• [TO DO]:
Please set down only the lines below starting with the line with "The MDX2600 features" and going on through the line with "The diamonds are", verbatim and without pictures.
------ PROVIDED MATERIAL
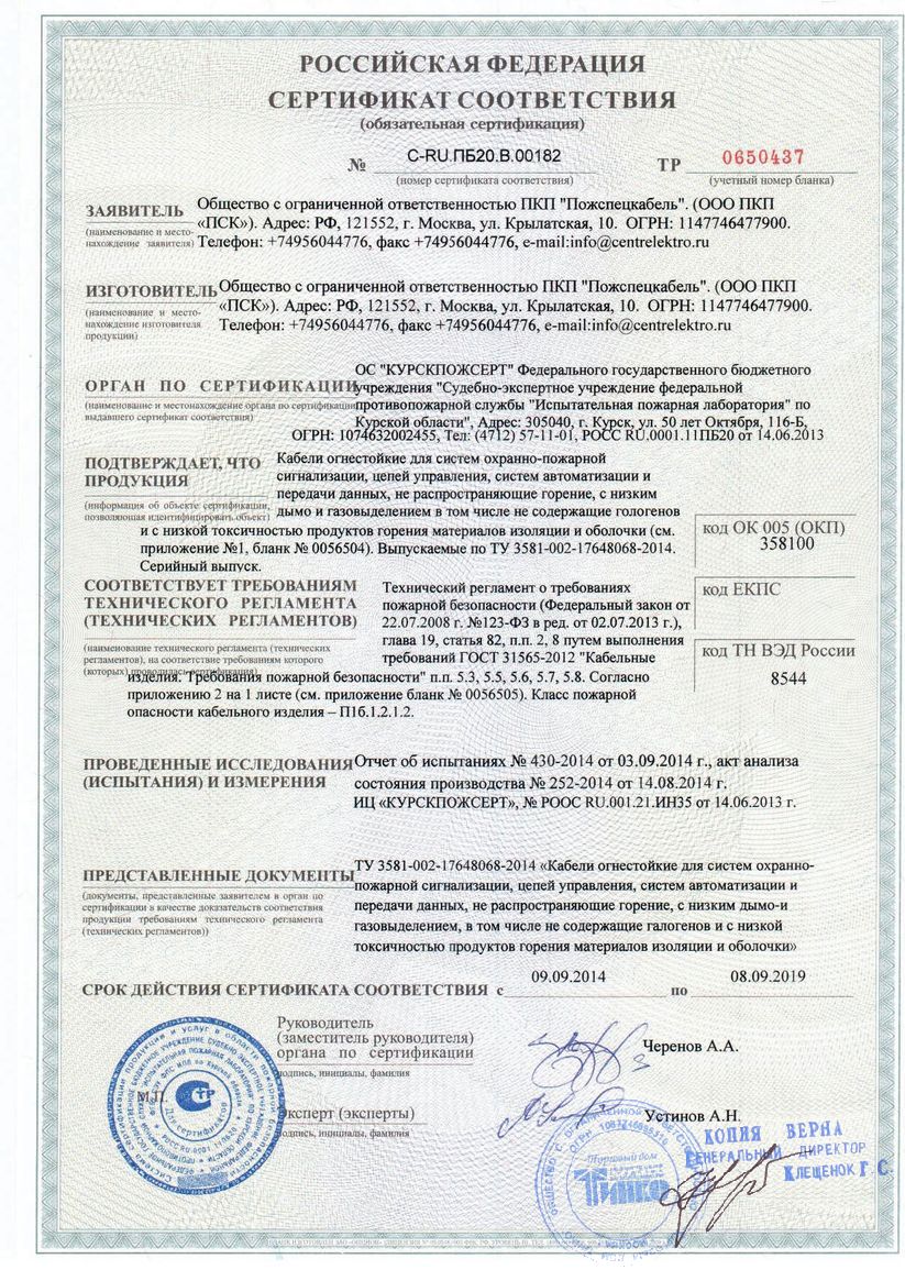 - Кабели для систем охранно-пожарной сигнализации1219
------------
------ PROVIDED MATERIAL
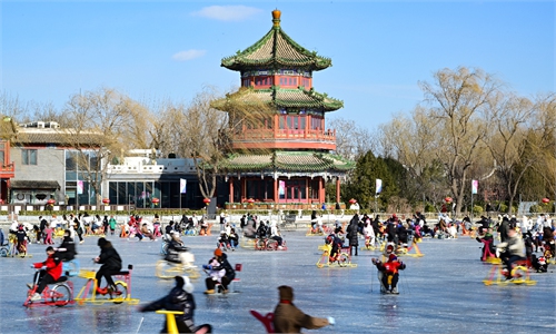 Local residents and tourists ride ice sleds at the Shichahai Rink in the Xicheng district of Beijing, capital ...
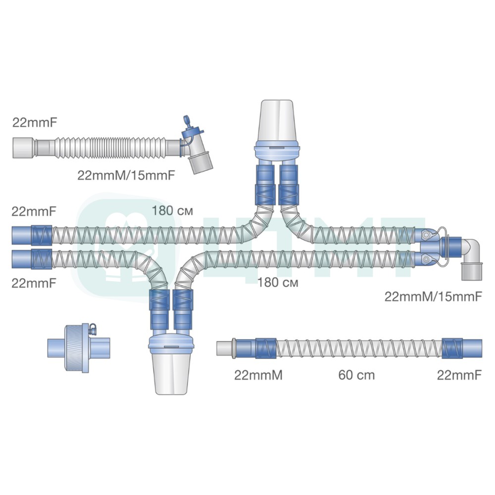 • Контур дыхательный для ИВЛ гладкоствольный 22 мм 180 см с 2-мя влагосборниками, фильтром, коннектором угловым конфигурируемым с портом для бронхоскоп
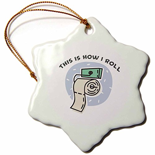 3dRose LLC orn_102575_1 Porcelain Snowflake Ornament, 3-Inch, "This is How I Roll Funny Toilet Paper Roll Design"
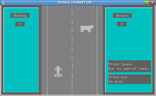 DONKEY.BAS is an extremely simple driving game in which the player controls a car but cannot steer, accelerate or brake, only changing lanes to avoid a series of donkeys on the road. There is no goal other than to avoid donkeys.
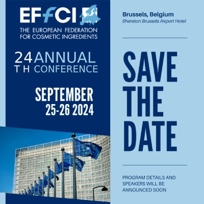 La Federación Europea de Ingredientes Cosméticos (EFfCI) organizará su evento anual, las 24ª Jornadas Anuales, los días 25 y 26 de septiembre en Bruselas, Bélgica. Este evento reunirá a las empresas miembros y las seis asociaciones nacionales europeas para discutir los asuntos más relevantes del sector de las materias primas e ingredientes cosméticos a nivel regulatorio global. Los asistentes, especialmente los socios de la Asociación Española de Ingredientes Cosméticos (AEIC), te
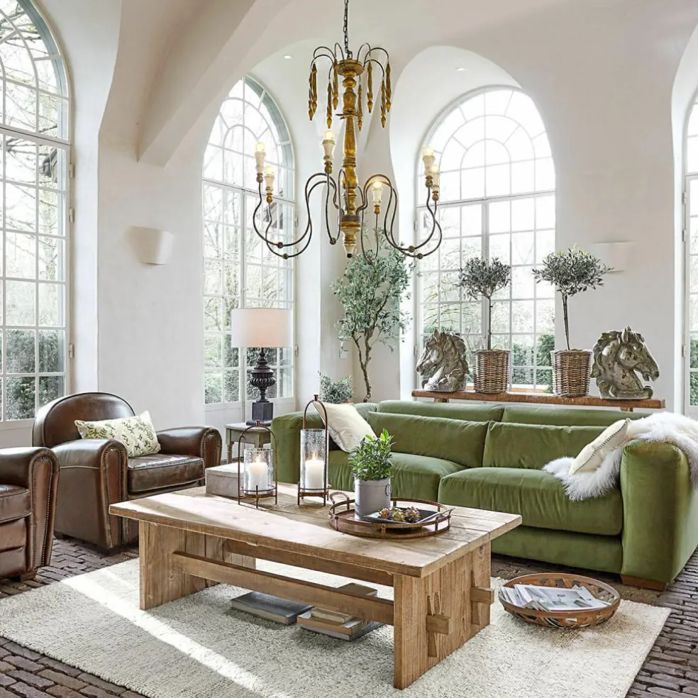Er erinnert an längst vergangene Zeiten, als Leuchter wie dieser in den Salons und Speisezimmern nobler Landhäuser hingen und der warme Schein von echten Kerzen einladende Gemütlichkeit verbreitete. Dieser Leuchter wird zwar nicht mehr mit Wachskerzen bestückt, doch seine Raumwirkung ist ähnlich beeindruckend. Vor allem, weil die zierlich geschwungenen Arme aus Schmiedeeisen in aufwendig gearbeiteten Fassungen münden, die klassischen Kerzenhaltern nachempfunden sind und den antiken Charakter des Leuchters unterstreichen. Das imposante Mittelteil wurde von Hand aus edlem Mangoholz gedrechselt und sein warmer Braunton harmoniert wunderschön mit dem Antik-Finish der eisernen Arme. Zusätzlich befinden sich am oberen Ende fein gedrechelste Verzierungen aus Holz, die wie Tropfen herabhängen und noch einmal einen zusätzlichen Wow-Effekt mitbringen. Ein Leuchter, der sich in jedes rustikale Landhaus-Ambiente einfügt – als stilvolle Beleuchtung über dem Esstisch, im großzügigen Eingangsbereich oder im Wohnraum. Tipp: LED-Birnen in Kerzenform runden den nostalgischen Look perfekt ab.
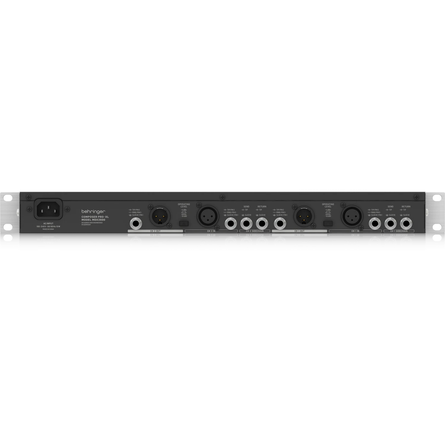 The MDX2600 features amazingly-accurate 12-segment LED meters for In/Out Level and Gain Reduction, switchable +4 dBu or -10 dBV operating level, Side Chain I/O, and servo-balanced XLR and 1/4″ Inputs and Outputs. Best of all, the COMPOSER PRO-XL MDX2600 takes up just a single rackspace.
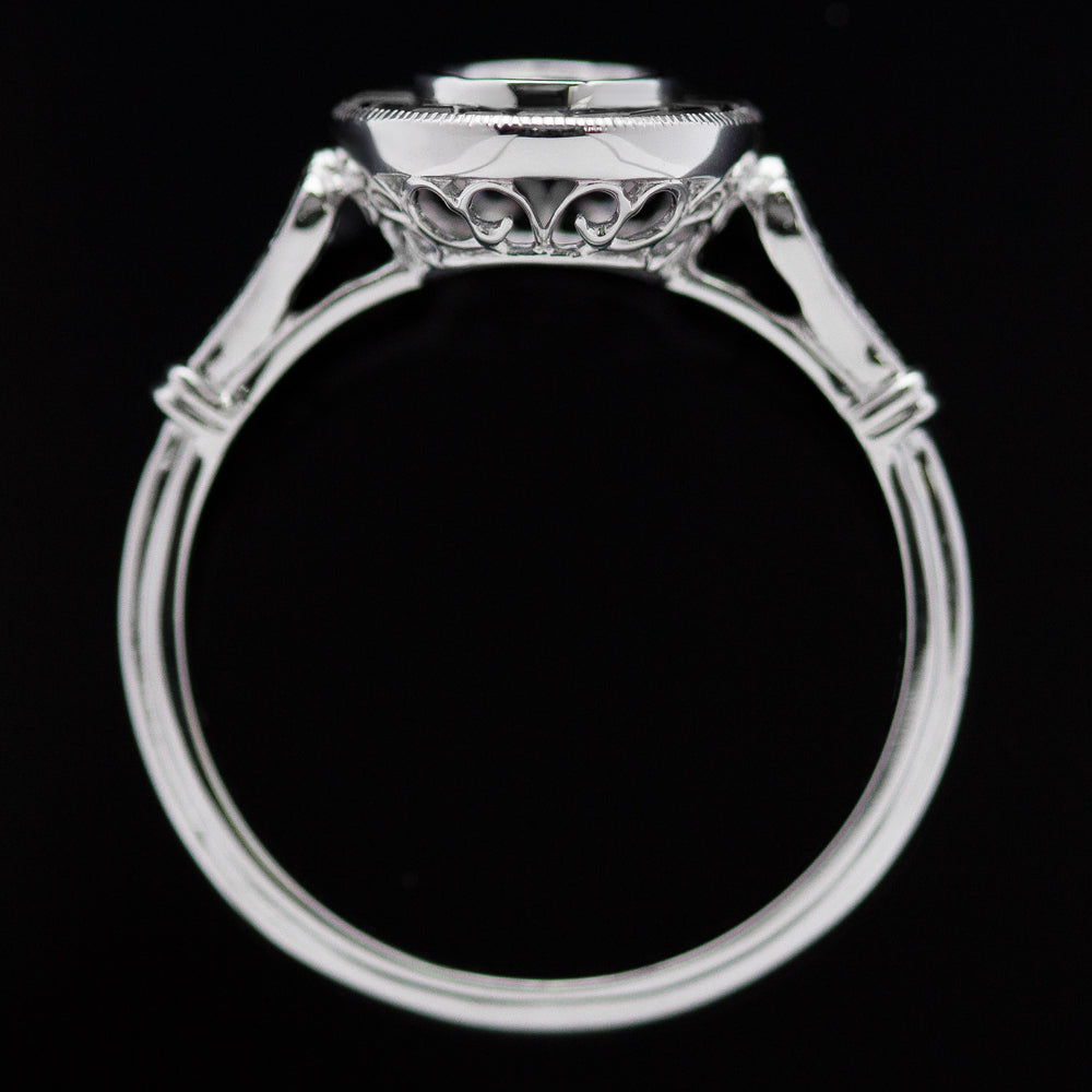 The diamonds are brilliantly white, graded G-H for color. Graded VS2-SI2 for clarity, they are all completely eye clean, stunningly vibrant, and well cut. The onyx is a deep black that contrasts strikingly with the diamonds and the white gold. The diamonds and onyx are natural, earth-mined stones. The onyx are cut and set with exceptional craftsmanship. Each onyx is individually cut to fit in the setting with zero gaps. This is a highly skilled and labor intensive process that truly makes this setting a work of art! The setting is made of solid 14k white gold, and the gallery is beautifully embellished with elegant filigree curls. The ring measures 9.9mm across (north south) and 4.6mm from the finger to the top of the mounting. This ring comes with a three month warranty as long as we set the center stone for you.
------------
------ PROVIDED MATERIAL
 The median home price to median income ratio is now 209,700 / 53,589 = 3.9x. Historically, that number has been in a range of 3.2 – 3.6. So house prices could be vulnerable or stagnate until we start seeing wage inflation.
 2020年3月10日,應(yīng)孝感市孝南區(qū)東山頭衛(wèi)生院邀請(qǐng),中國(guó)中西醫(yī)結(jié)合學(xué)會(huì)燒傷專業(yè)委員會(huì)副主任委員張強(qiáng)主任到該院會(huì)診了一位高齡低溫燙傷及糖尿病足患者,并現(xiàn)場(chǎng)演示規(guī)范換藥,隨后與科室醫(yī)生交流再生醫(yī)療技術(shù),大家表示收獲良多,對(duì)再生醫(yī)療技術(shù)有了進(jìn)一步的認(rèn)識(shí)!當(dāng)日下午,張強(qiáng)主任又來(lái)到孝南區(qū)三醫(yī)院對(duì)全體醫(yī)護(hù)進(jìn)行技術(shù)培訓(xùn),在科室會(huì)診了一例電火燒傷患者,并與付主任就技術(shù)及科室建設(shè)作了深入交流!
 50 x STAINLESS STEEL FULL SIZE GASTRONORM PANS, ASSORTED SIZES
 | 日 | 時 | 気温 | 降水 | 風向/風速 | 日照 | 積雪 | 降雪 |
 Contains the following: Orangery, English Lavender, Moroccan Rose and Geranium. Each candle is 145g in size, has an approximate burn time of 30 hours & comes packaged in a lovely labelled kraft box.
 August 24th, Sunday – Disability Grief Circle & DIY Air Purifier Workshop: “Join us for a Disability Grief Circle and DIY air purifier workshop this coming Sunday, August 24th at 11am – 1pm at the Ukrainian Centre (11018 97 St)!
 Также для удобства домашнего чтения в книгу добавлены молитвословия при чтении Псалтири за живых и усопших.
------------
• [REPLY TO THE TASK]:
 The MDX2600 features amazingly-accurate 12-segment LED meters for In/Out Level and Gain Reduction, switchable +4 dBu or -10 dBV operating level, Side Chain I/O, and servo-balanced XLR and 1/4″ Inputs and Outputs. Best of all, the COMPOSER PRO-XL MDX2600 takes up just a single rackspace.
 The diamonds are brilliantly white, graded G-H for color. Graded VS2-SI2 for clarity, they are all completely eye clean, stunningly vibrant, and well cut. The onyx is a deep black that contrasts strikingly with the diamonds and the white gold. The diamonds and onyx are natural, earth-mined stones. The onyx are cut and set with exceptional craftsmanship. Each onyx is individually cut to fit in the setting with zero gaps. This is a highly skilled and labor intensive process that truly makes this setting a work of art! The setting is made of solid 14k white gold, and the gallery is beautifully embellished with elegant filigree curls. The ring measures 9.9mm across (north south) and 4.6mm from the finger to the top of the mounting. This ring comes with a three month warranty as long as we set the center stone for you.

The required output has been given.